*Your instructions*
Reproduce exactly, and only, the lines of the material below running from the line bearing "3月10日,十堰市警方公布鄖" through the line bearing "PNP-ANA®是氨氮和亚硝". Leave any pictures out.

*Raw data*

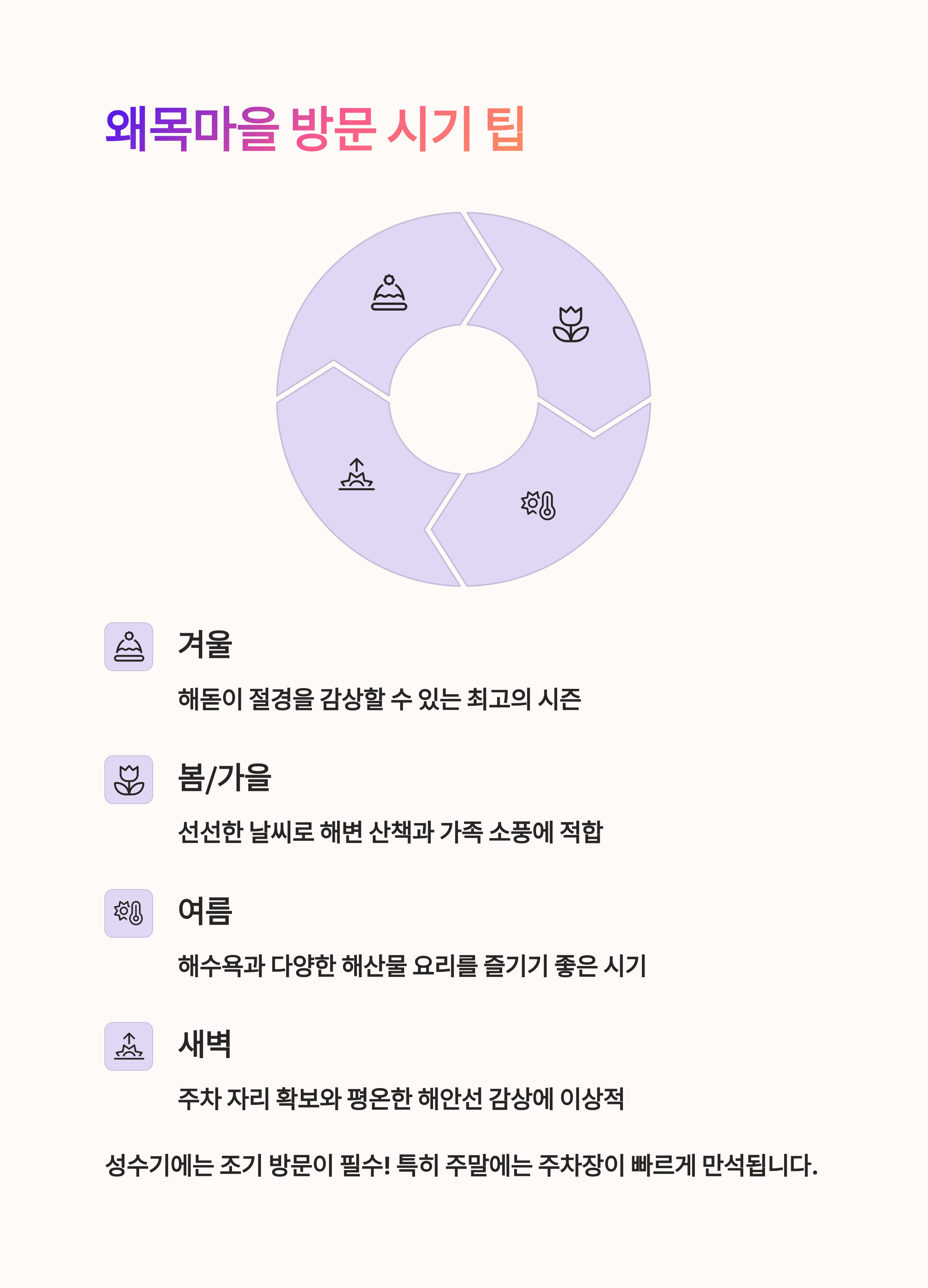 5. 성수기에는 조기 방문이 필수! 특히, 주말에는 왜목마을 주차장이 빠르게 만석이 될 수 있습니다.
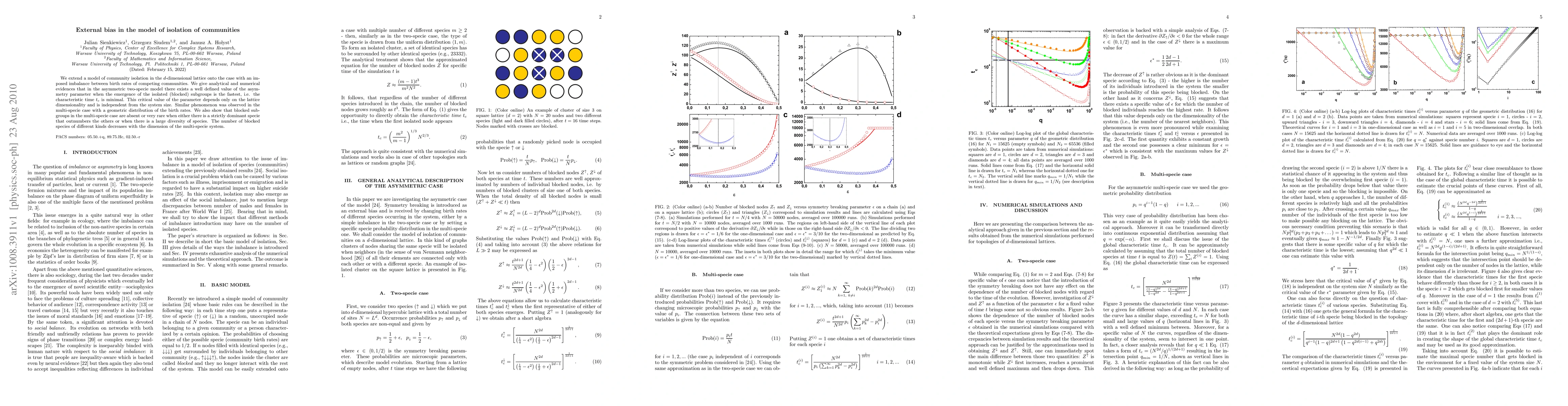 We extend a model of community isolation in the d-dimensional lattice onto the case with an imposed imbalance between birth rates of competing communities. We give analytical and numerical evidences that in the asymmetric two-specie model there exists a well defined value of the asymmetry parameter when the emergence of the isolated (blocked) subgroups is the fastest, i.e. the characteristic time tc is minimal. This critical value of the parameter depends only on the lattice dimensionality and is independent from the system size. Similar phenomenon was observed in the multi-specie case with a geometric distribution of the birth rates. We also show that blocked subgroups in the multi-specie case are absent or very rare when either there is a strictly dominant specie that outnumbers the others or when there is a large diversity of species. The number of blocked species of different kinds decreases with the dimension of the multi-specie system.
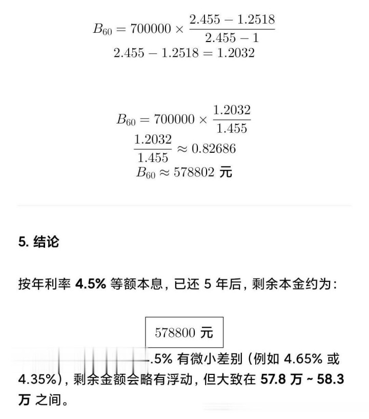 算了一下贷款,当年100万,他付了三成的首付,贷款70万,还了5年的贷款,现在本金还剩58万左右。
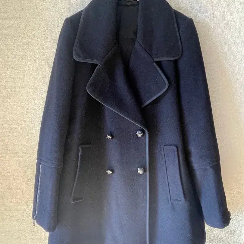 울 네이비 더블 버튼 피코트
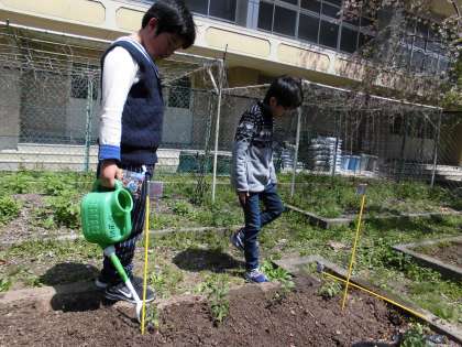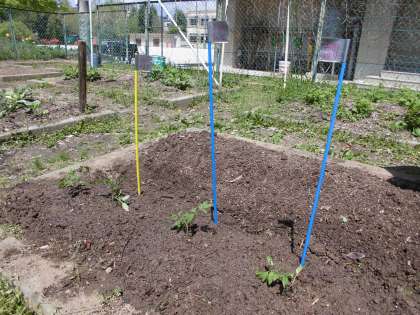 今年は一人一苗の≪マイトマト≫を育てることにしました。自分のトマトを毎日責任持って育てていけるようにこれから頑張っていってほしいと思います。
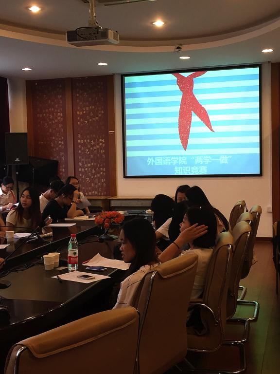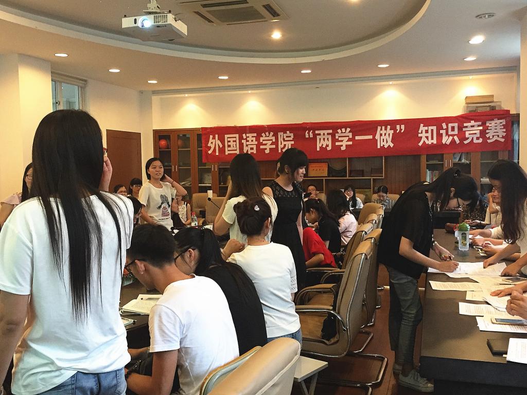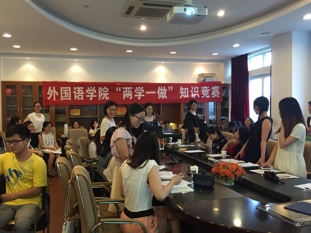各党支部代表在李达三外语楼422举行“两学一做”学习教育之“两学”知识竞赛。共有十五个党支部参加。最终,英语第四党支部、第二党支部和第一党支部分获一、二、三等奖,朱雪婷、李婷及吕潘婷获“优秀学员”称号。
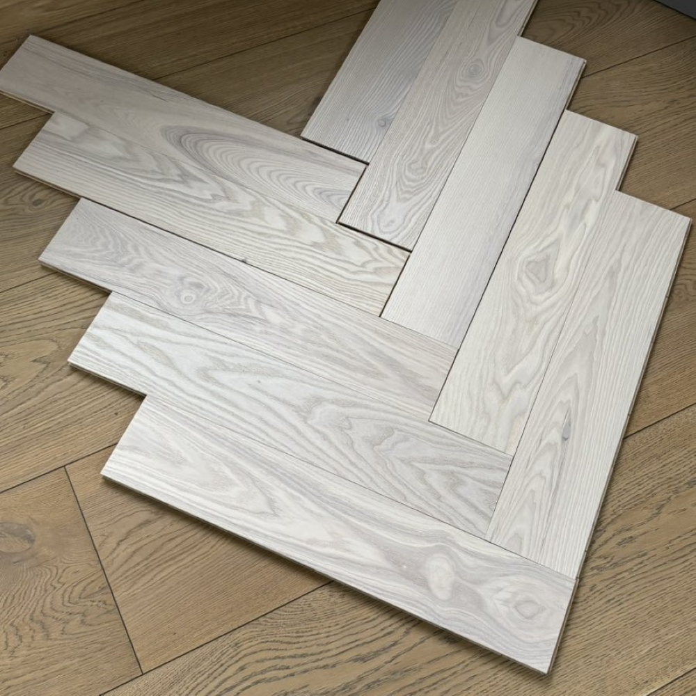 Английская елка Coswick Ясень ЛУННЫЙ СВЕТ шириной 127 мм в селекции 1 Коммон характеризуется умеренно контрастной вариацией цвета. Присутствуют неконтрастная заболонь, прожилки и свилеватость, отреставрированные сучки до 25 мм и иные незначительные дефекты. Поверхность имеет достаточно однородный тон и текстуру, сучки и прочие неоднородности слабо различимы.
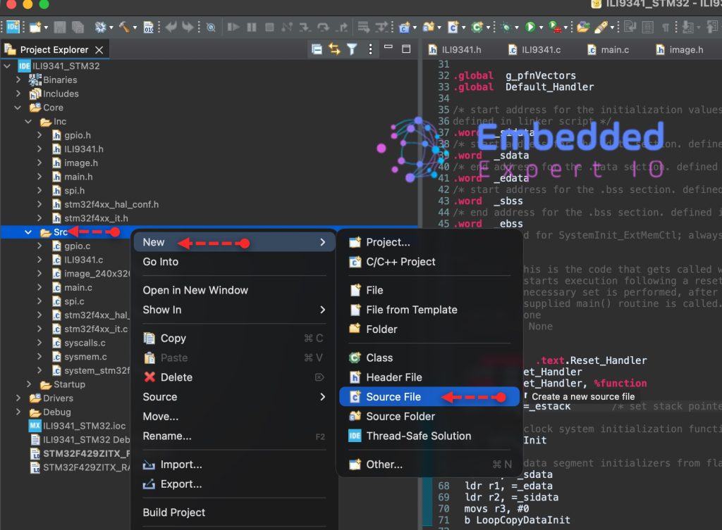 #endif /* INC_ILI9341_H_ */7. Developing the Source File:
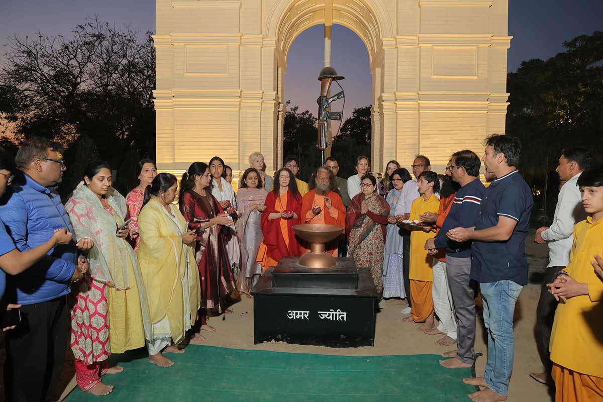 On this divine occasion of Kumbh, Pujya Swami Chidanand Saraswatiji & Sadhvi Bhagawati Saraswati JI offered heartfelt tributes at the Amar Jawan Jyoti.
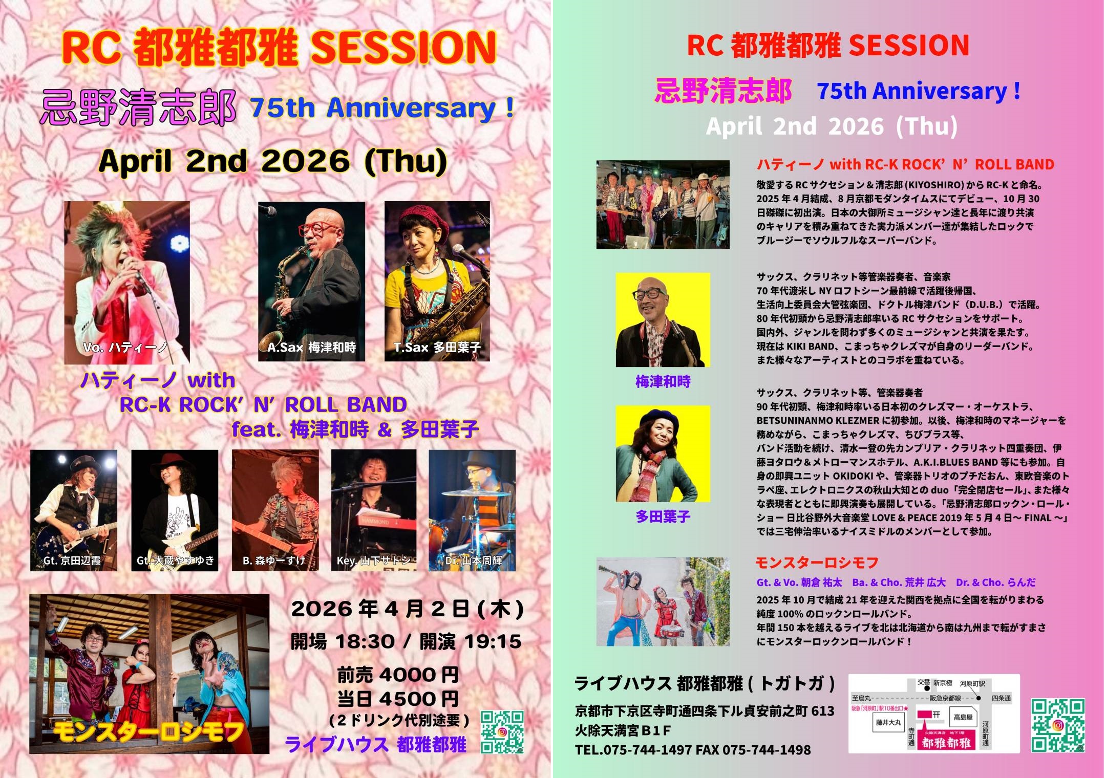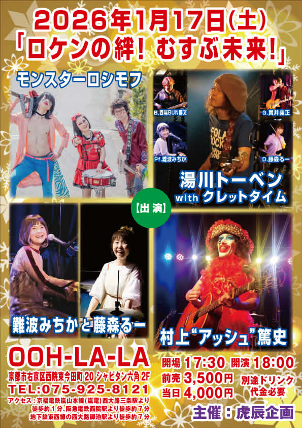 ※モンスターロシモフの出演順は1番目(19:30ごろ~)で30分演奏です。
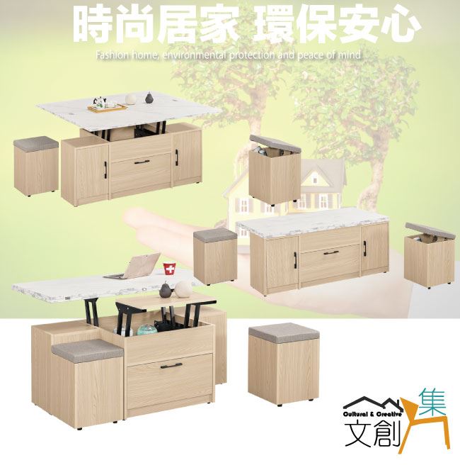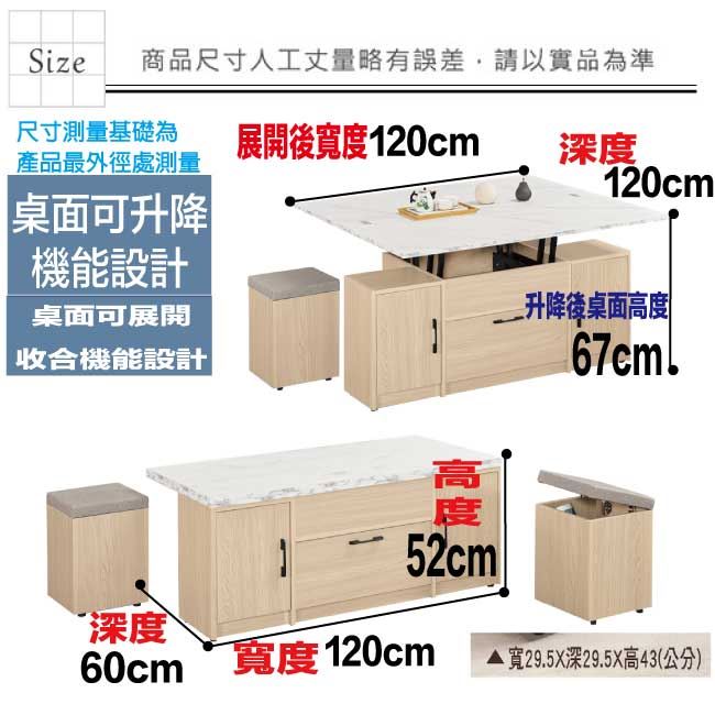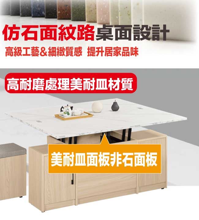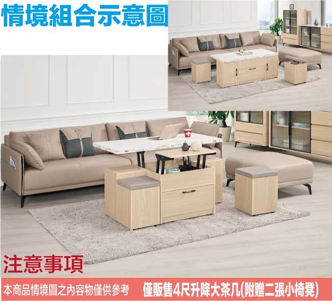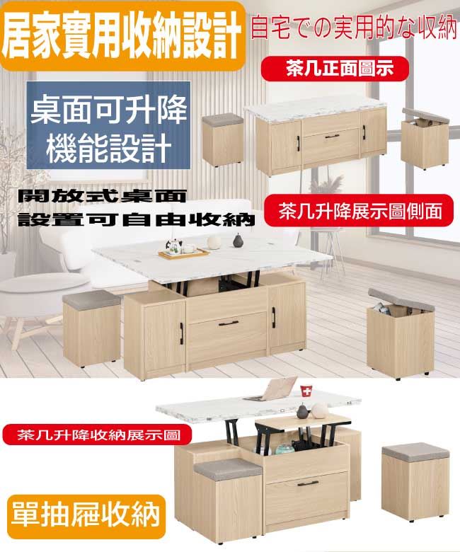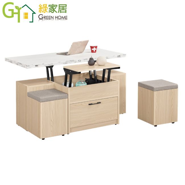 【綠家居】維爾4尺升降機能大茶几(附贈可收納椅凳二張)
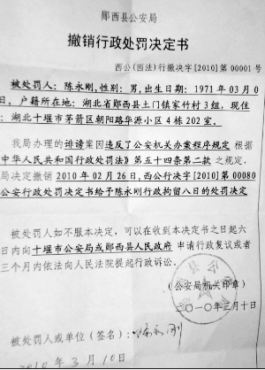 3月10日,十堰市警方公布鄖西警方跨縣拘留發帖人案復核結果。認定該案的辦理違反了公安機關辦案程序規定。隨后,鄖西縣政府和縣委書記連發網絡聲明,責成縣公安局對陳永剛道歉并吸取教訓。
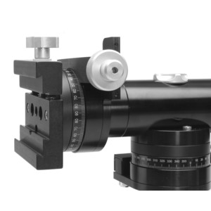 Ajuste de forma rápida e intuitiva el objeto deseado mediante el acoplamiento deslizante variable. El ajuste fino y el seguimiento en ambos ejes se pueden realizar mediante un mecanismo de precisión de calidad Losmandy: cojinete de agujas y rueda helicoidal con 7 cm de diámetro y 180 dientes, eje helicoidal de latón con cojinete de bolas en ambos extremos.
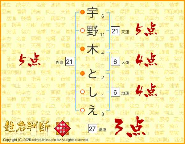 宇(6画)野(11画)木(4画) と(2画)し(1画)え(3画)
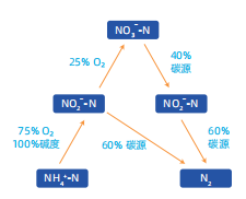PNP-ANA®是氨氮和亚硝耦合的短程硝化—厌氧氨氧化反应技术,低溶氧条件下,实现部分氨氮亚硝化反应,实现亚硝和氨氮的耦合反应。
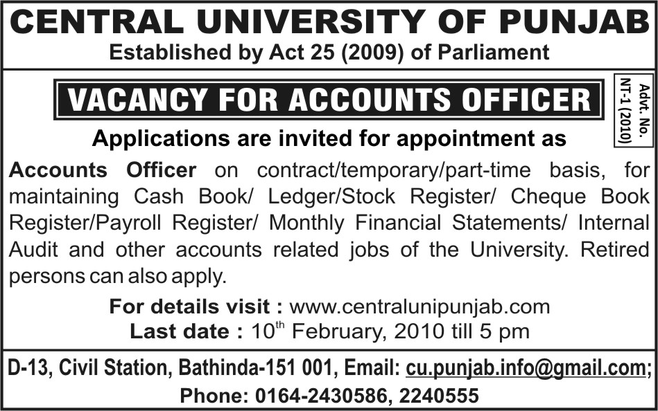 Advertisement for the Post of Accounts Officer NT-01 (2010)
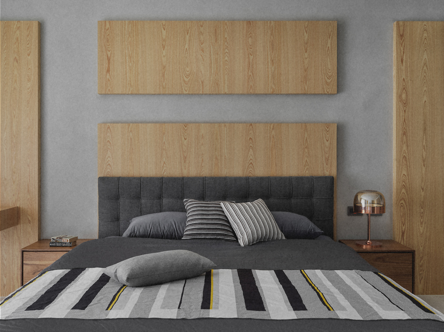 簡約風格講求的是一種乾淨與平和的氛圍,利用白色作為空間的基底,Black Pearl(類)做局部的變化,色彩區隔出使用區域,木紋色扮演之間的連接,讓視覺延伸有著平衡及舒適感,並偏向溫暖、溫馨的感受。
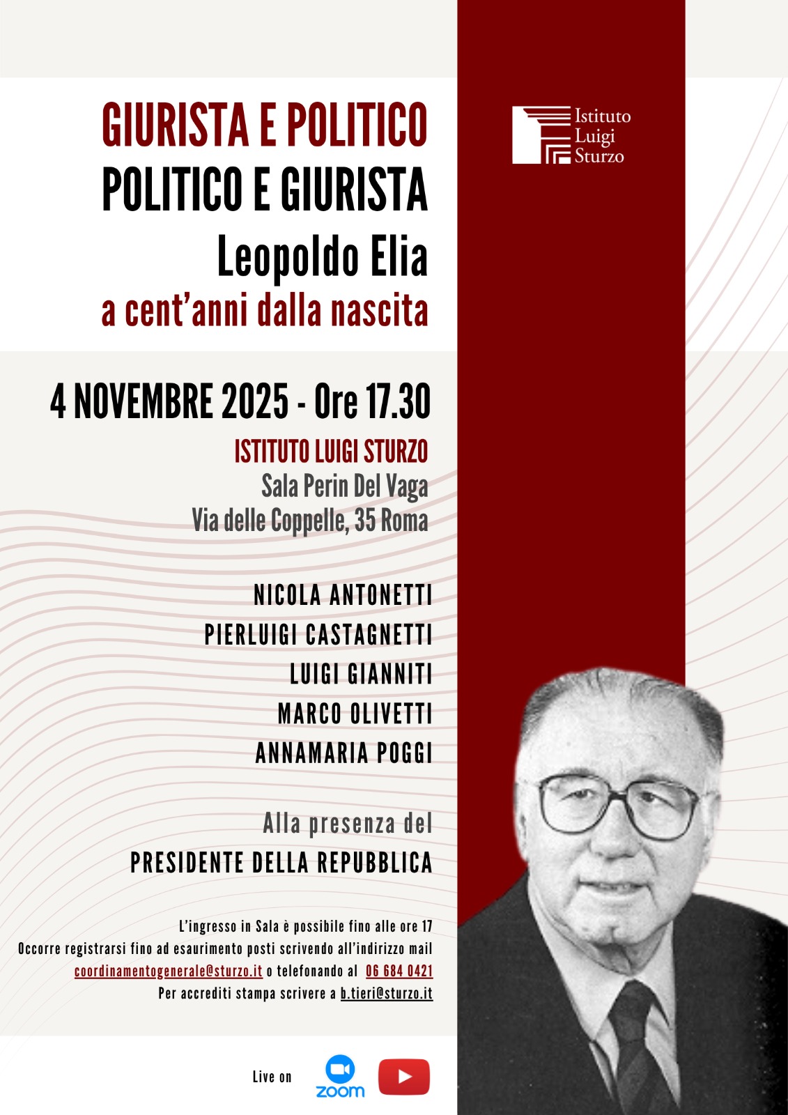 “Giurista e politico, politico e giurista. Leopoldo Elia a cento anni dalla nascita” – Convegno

*Output*
 3月10日,十堰市警方公布鄖西警方跨縣拘留發帖人案復核結果。認定該案的辦理違反了公安機關辦案程序規定。隨后,鄖西縣政府和縣委書記連發網絡聲明,責成縣公安局對陳永剛道歉并吸取教訓。
 Ajuste de forma rápida e intuitiva el objeto deseado mediante el acoplamiento deslizante variable. El ajuste fino y el seguimiento en ambos ejes se pueden realizar mediante un mecanismo de precisión de calidad Losmandy: cojinete de agujas y rueda helicoidal con 7 cm de diámetro y 180 dientes, eje helicoidal de latón con cojinete de bolas en ambos extremos.
 宇(6画)野(11画)木(4画) と(2画)し(1画)え(3画)
PNP-ANA®是氨氮和亚硝耦合的短程硝化—厌氧氨氧化反应技术,低溶氧条件下,实现部分氨氮亚硝化反应,实现亚硝和氨氮的耦合反应。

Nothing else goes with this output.